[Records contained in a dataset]
########

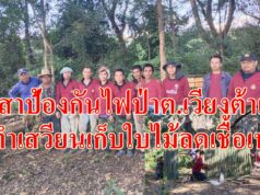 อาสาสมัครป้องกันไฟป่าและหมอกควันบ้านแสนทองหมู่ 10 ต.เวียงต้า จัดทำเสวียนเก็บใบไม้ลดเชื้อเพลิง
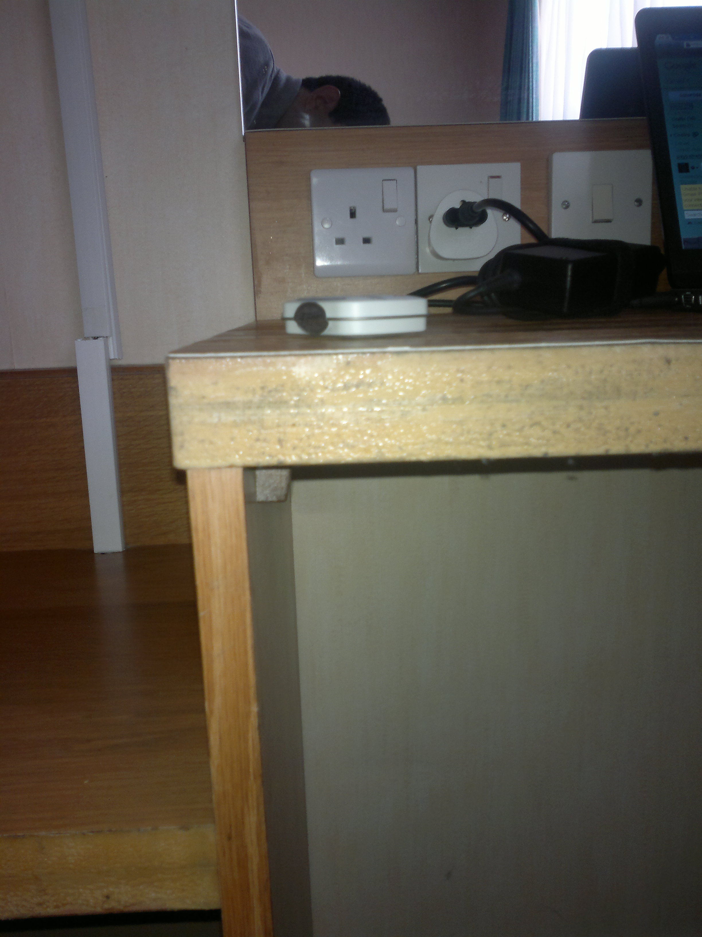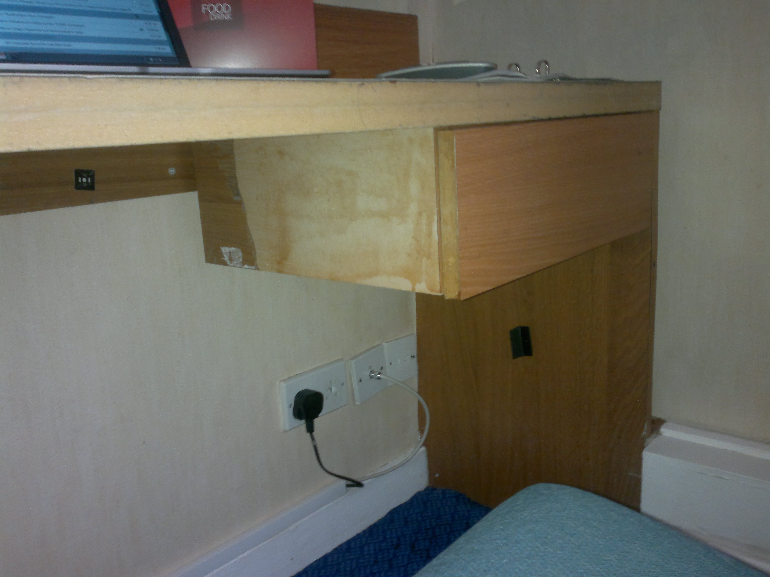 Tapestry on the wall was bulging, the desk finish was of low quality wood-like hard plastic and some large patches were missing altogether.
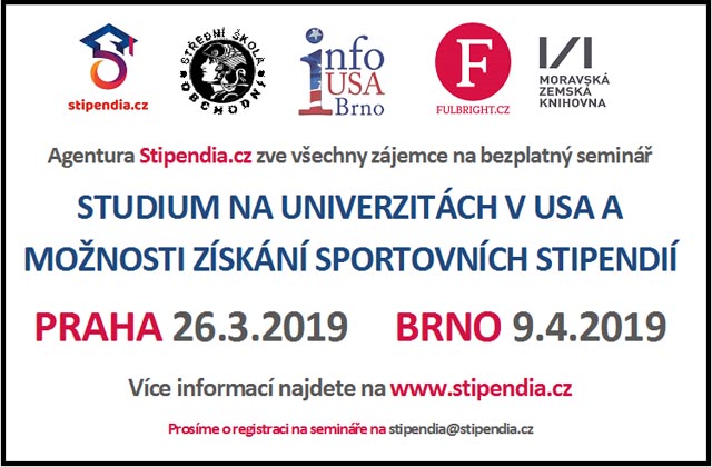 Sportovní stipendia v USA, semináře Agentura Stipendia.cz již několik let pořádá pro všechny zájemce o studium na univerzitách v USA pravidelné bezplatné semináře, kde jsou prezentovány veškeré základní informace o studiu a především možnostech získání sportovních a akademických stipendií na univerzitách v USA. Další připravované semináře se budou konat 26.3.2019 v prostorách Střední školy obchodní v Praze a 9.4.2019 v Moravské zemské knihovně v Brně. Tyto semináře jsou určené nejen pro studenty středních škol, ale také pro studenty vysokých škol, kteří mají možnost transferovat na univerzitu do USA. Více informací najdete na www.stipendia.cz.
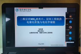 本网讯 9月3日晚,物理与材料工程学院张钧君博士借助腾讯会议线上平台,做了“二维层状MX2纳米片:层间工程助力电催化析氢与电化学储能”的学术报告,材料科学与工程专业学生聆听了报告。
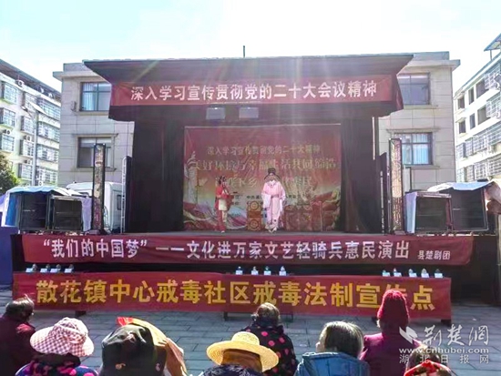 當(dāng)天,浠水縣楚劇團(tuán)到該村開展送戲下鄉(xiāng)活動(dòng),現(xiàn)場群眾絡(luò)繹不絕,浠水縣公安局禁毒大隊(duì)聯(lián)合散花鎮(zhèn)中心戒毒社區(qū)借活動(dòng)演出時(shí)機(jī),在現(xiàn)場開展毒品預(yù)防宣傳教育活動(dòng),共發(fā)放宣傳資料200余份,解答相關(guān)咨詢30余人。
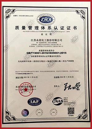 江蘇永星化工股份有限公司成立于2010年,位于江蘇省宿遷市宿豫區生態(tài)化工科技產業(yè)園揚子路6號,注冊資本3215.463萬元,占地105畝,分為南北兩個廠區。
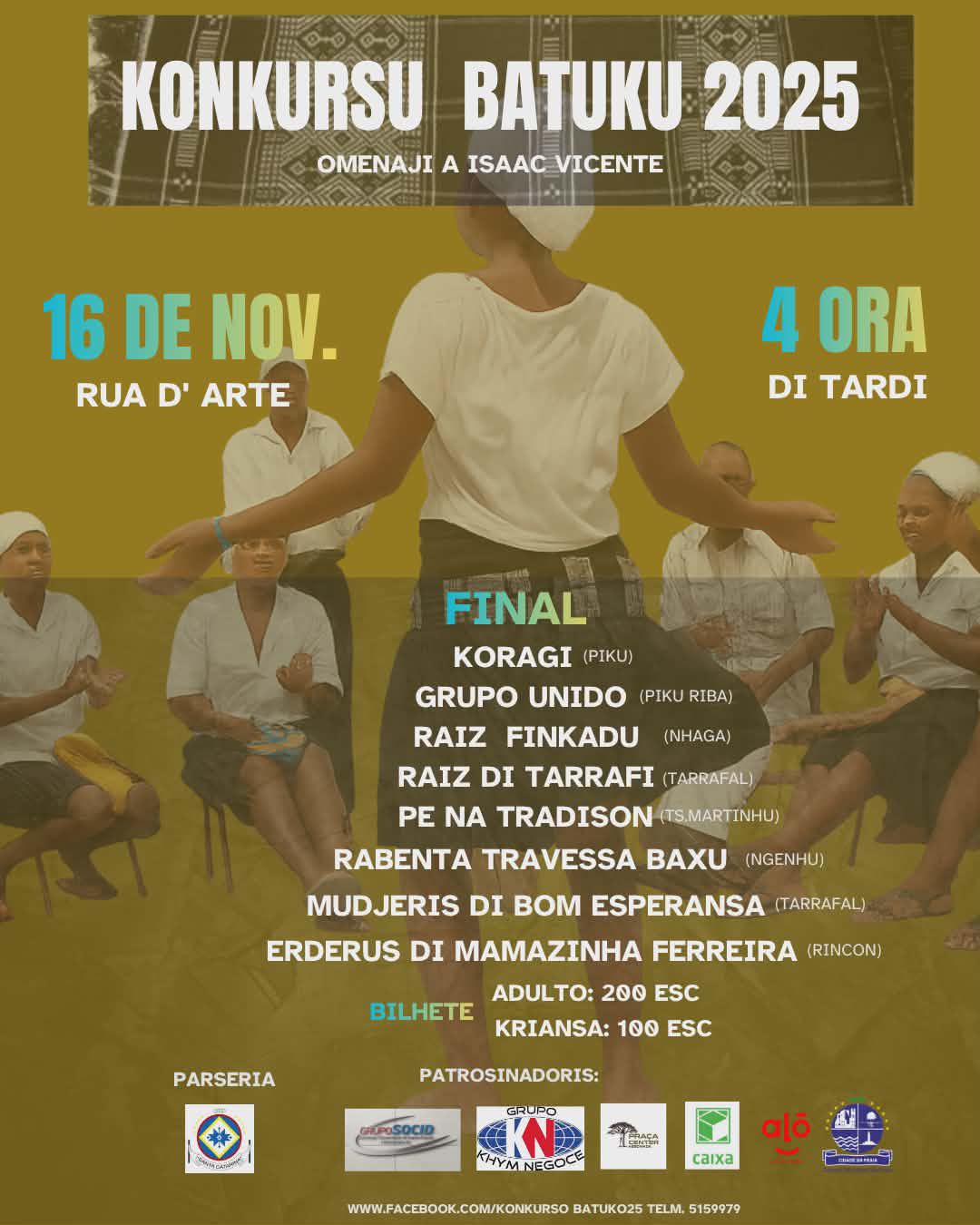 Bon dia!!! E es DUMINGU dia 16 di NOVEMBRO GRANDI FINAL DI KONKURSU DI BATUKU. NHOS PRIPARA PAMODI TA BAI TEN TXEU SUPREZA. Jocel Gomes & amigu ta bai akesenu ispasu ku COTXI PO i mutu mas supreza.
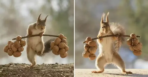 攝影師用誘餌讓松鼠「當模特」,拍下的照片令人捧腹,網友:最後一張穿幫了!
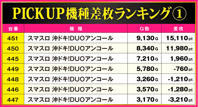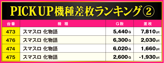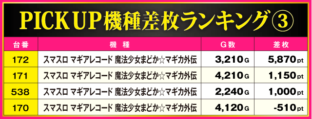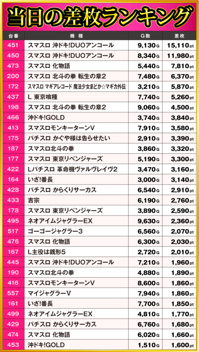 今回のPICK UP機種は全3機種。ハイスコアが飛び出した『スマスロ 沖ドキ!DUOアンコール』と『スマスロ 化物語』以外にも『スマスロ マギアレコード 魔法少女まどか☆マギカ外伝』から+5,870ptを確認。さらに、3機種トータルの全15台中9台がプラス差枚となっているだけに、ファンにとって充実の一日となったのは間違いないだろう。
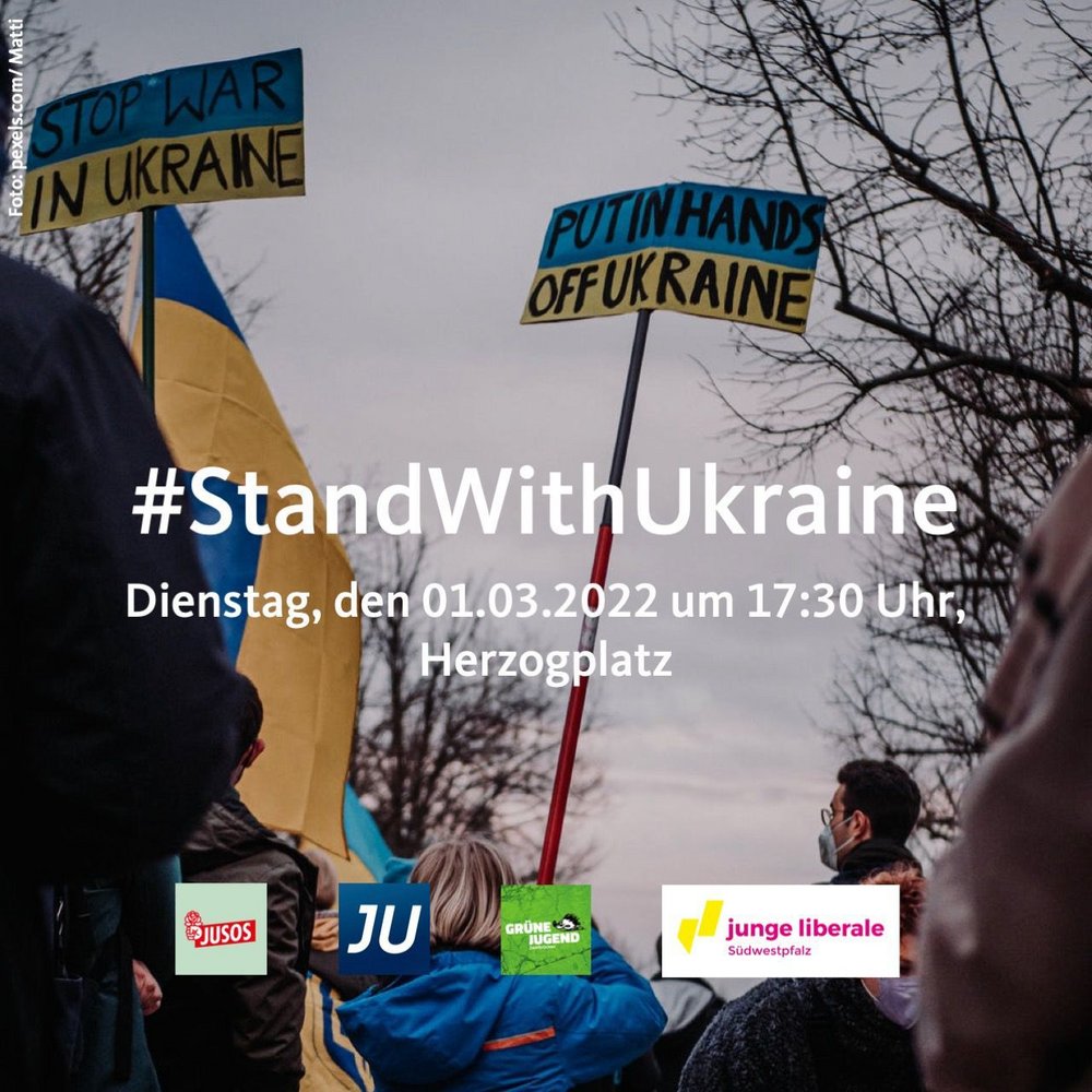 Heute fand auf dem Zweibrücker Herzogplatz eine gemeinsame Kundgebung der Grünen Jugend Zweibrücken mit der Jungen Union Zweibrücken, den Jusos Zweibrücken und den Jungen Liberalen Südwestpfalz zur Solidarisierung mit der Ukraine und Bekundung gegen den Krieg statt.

########

Work order
Without the pictures, reproduce every line of the records above exactly.

Response for this exercise
 อาสาสมัครป้องกันไฟป่าและหมอกควันบ้านแสนทองหมู่ 10 ต.เวียงต้า จัดทำเสวียนเก็บใบไม้ลดเชื้อเพลิง
 Tapestry on the wall was bulging, the desk finish was of low quality wood-like hard plastic and some large patches were missing altogether.
 Sportovní stipendia v USA, semináře Agentura Stipendia.cz již několik let pořádá pro všechny zájemce o studium na univerzitách v USA pravidelné bezplatné semináře, kde jsou prezentovány veškeré základní informace o studiu a především možnostech získání sportovních a akademických stipendií na univerzitách v USA. Další připravované semináře se budou konat 26.3.2019 v prostorách Střední školy obchodní v Praze a 9.4.2019 v Moravské zemské knihovně v Brně. Tyto semináře jsou určené nejen pro studenty středních škol, ale také pro studenty vysokých škol, kteří mají možnost transferovat na univerzitu do USA. Více informací najdete na www.stipendia.cz.
 本网讯 9月3日晚,物理与材料工程学院张钧君博士借助腾讯会议线上平台,做了“二维层状MX2纳米片:层间工程助力电催化析氢与电化学储能”的学术报告,材料科学与工程专业学生聆听了报告。
 當(dāng)天,浠水縣楚劇團(tuán)到該村開展送戲下鄉(xiāng)活動(dòng),現(xiàn)場群眾絡(luò)繹不絕,浠水縣公安局禁毒大隊(duì)聯(lián)合散花鎮(zhèn)中心戒毒社區(qū)借活動(dòng)演出時(shí)機(jī),在現(xiàn)場開展毒品預(yù)防宣傳教育活動(dòng),共發(fā)放宣傳資料200余份,解答相關(guān)咨詢30余人。
 江蘇永星化工股份有限公司成立于2010年,位于江蘇省宿遷市宿豫區生態(tài)化工科技產業(yè)園揚子路6號,注冊資本3215.463萬元,占地105畝,分為南北兩個廠區。
 Bon dia!!! E es DUMINGU dia 16 di NOVEMBRO GRANDI FINAL DI KONKURSU DI BATUKU. NHOS PRIPARA PAMODI TA BAI TEN TXEU SUPREZA. Jocel Gomes & amigu ta bai akesenu ispasu ku COTXI PO i mutu mas supreza.
 攝影師用誘餌讓松鼠「當模特」,拍下的照片令人捧腹,網友:最後一張穿幫了!
 今回のPICK UP機種は全3機種。ハイスコアが飛び出した『スマスロ 沖ドキ!DUOアンコール』と『スマスロ 化物語』以外にも『スマスロ マギアレコード 魔法少女まどか☆マギカ外伝』から+5,870ptを確認。さらに、3機種トータルの全15台中9台がプラス差枚となっているだけに、ファンにとって充実の一日となったのは間違いないだろう。
 Heute fand auf dem Zweibrücker Herzogplatz eine gemeinsame Kundgebung der Grünen Jugend Zweibrücken mit der Jungen Union Zweibrücken, den Jusos Zweibrücken und den Jungen Liberalen Südwestpfalz zur Solidarisierung mit der Ukraine und Bekundung gegen den Krieg statt.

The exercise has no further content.